Indian tennis icon Leander Paes is pained by the relegation of the country's Davis Cup team and feels it will take a "better half of a decade" to lift the standard. (More Tennis News)
The Indian Davis Cup team was relegated to World Group 2 for the first time after a 2-3 loss to Denmark in their away fixture earlier this month.
"I feel like it's going to take a few years, until the Davis Cup team has some serious talent in it," said the player with a record 45 doubles victories in Davis Cup.
Indian tennis' decline was apparent during the Australian Open last month when, for the first time since 2017, no player from the country could make the cut to compete in the qualification round of a Grand Slam.
"I feel quite saddened in a way that we don't have one player in the singles ranking in the top-300. I don't think that's ever happened," said the Olympic bronze medallist.
Prajnesh Gunneswaran is currently the highest-ranked Indian in singles at 306 on the ATP list.
"I've tremendous respect for all our Indian players who are travelling on the circuit in a sport like tennis where the cost of training and conducting (making a) the career is so expensive."
"In tennis, where 99 per cent of the sport is played outside the country, being alone on the circuit is not easy.

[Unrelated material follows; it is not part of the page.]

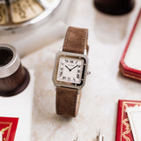 The Cartier Santos Dumont with reference 1575-1 – is powered by the manual-wound 021MC caliber, based on the Frédéric Piguet 21 and designed as the thinnest watch movement on the market with a diameter of 20,4mm and 1,75mm thickness (it has hold up to this reputable claim for 21 years). The 021MC has a power reserve of 42 hours and contains 18 jewels. The movement originally oscillated at 18,000 A/h but has been escalated to 21,600 A/h.
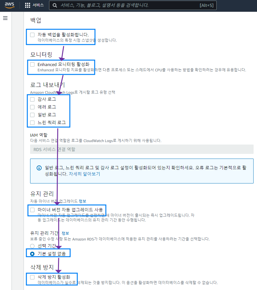 DB 생성 - 5 1.3.24. 자동 백업 활성화 : 사용 안 함

Zeeshan (Ali) and I have slept in locker rooms because we didn't have money to pay for a hotel.
"That being said, I think it's going to take a better half of a decade for the Davis Cup team to have that quality like we had when Ramesh Krishnan, Zeeshan Ali, Vijay Amritraj and all of us had... To get to the semi-finals in the Davis Cup is tougher now," he said.
Leander was addressing the media sitting beside his father Dr Vece Paes, a bronze medallist at the 1971 hockey World Cup in Barcelona, and the Munich Olympics in 1972.
BIOPIC IN THE PIPELINE
Leander, who campaigned for the Trinamool Congress ahead of the Goa Assembly elections last year, refused to take any political questions and said he's currently busy working on a biopic to portray the father-son duo's legacy on the big screen. He revealed that it should be ready in 18 months.
"I'm working on my own story right now. I will give a little nugget today that the Leander storyboard is being worked on right now. I can't speak much about it.
"It will be a story of how baba (father) won his Olympic medal in 1972 and a few of you are old enough to know what happened there.
"You all will understand why a young boy growing up to my father's history, my passion was to emulate him. So it's going to be about 1972 to 1996 really.
"It's going to be an inspirational story on how not necessarily you have to be the tallest, most talented, skilled (person) to become an athlete... Not necessarily you will have to have great infrastructure either.
"I'm working on a storyboard at the moment and hopefully in 18 months you will get to see it and the posters will be out there."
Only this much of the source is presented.